KeyValueDataWriter is a data writer for primary key tables that adds system fields and sorts data by primary keys before writing.

Description

The KeyValueDataWriter class extends the DataWriter base class to provide specialized writing logic for Apache Paimon primary key tables. It implements the key-value storage model required by LSM-tree architecture where data is organized and merged based on primary keys.

The writer enhances input data by adding system fields: _KEY_* columns for each primary key field, _SEQUENCE_NUMBER for operation ordering, and _VALUE_KIND for change type tracking. It then sorts the data by primary keys (and sequence number) to maintain the sorted order required for efficient merging and compaction.
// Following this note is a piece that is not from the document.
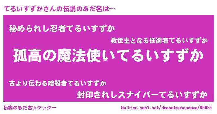 | ヒーロー風カッコイイあだ名 | 『仮面テルダー』『暗黒騎士テル』 |
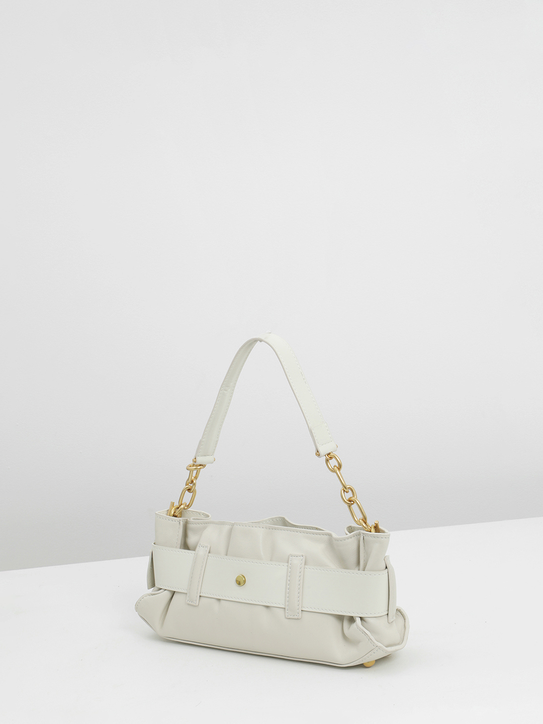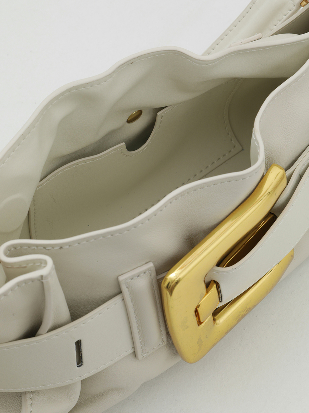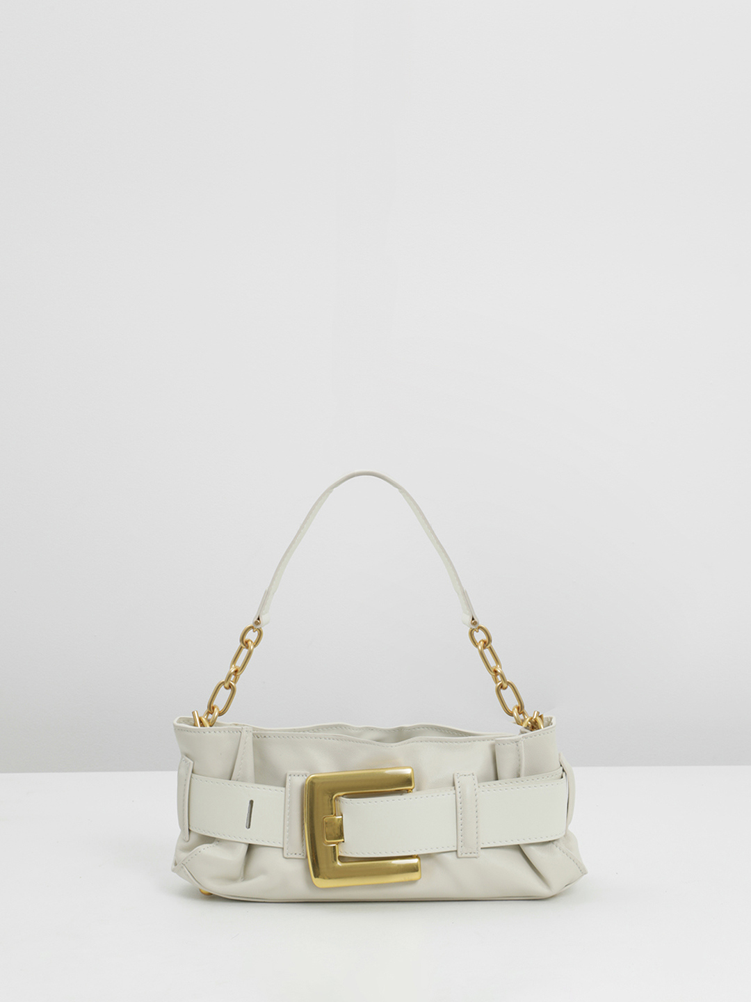 Бежевый багет со складками и широкой пряжкой от IVORY

The _process_data method handles initial data transformation with system field injection and sorting, while _merge_data combines existing and new data while maintaining sort order. The implementation uses PyArrow Compute functions for efficient sorting and generates monotonically increasing sequence numbers for each write operation.

Usage

Use KeyValueDataWriter when implementing writers for primary key tables, particularly when you need to ensure data is properly formatted with system fields and sorted for LSM-tree storage and merge operations.

Code Reference

Source Location

Signature

class KeyValueDataWriter(DataWriter):
    """Data writer for primary key tables with system fields and sorting."""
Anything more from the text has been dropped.